What to work on :: Set down the listing exactly as given, minus images.

Input data ::
....
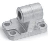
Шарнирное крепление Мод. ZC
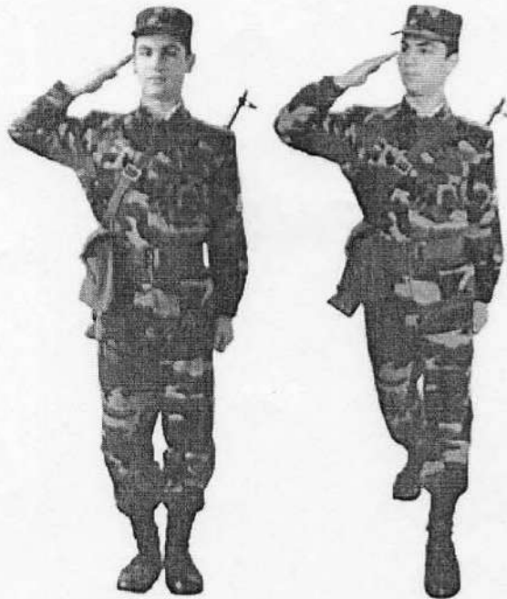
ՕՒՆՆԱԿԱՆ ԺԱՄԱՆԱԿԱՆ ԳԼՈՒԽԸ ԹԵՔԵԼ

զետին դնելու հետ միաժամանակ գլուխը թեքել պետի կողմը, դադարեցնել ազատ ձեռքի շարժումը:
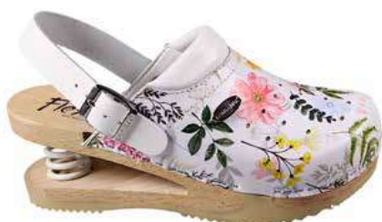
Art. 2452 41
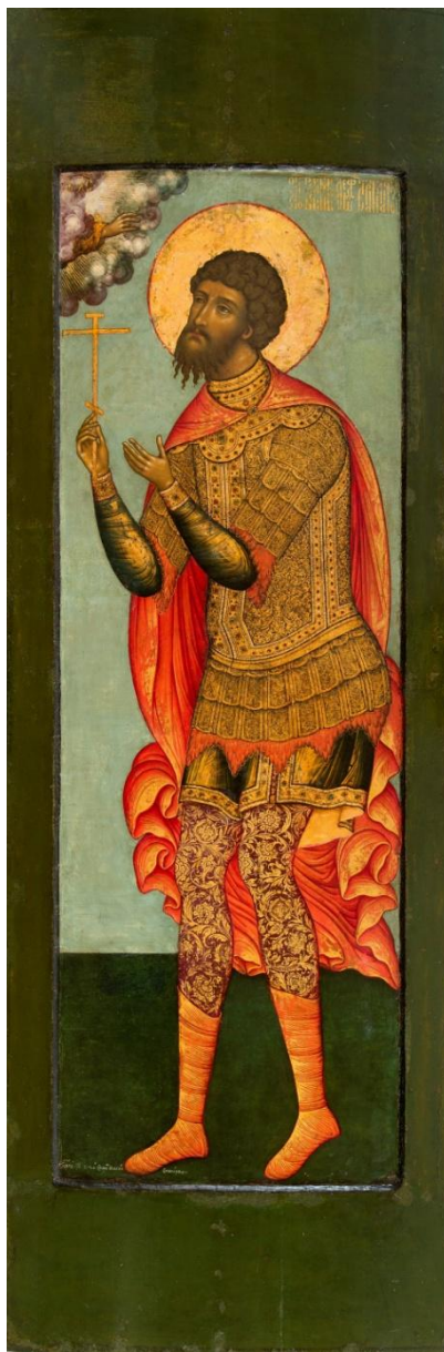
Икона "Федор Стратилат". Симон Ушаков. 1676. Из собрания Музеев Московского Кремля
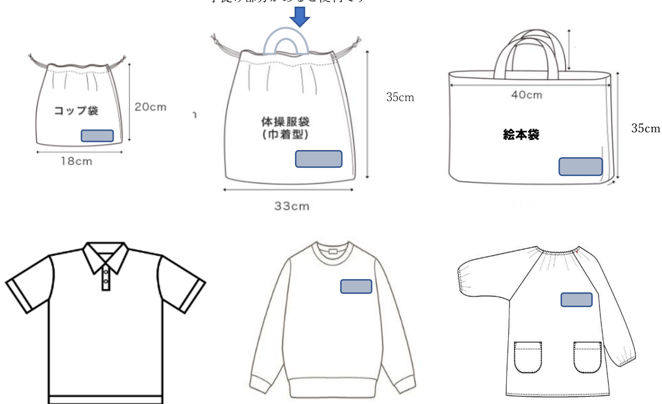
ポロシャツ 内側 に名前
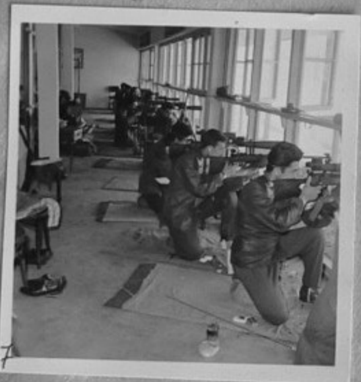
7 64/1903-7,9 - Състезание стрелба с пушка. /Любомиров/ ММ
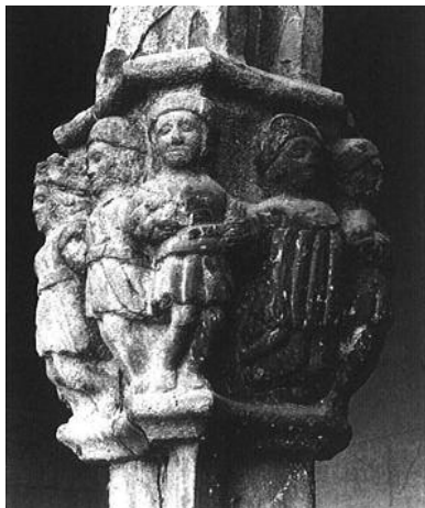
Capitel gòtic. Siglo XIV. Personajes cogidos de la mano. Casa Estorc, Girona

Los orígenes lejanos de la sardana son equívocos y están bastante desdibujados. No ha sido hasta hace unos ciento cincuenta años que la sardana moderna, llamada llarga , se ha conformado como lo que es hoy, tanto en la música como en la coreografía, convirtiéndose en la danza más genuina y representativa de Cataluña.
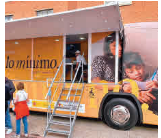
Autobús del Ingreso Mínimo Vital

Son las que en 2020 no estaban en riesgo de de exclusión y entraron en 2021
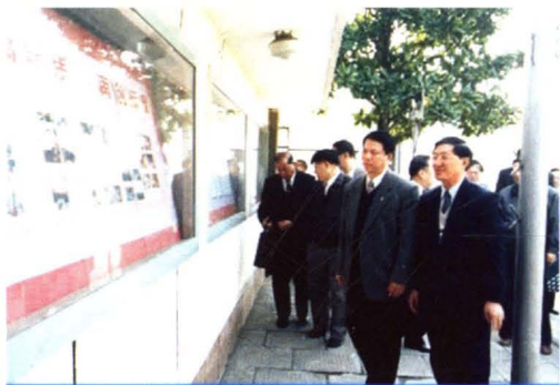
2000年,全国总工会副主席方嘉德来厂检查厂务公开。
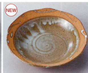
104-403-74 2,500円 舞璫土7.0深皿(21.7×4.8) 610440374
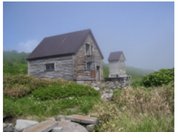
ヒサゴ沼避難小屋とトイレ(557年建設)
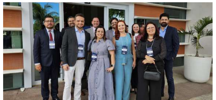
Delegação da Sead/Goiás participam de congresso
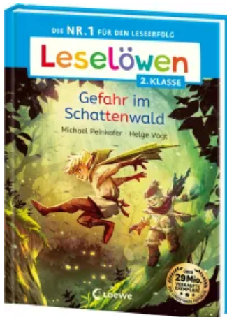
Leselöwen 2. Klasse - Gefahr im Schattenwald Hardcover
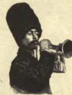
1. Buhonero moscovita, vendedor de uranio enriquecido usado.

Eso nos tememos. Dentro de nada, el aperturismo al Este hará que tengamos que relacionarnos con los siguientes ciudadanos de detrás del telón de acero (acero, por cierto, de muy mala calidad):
....
Written solution ::
Шарнирное крепление Мод. ZC
ՕՒՆՆԱԿԱՆ ԺԱՄԱՆԱԿԱՆ ԳԼՈՒԽԸ ԹԵՔԵԼ

զետին դնելու հետ միաժամանակ գլուխը թեքել պետի կողմը, դադարեցնել ազատ ձեռքի շարժումը:
Art. 2452 41
Икона "Федор Стратилат". Симон Ушаков. 1676. Из собрания Музеев Московского Кремля
ポロシャツ 内側 に名前
7 64/1903-7,9 - Състезание стрелба с пушка. /Любомиров/ ММ
Capitel gòtic. Siglo XIV. Personajes cogidos de la mano. Casa Estorc, Girona

Los orígenes lejanos de la sardana son equívocos y están bastante desdibujados. No ha sido hasta hace unos ciento cincuenta años que la sardana moderna, llamada llarga , se ha conformado como lo que es hoy, tanto en la música como en la coreografía, convirtiéndose en la danza más genuina y representativa de Cataluña.
Autobús del Ingreso Mínimo Vital

Son las que en 2020 no estaban en riesgo de de exclusión y entraron en 2021
2000年,全国总工会副主席方嘉德来厂检查厂务公开。
104-403-74 2,500円 舞璫土7.0深皿(21.7×4.8) 610440374
ヒサゴ沼避難小屋とトイレ(557年建設)
Delegação da Sead/Goiás participam de congresso
Leselöwen 2. Klasse - Gefahr im Schattenwald Hardcover
1. Buhonero moscovita, vendedor de uranio enriquecido usado.

Eso nos tememos. Dentro de nada, el aperturismo al Este hará que tengamos que relacionarnos con los siguientes ciudadanos de detrás del telón de acero (acero, por cierto, de muy mala calidad):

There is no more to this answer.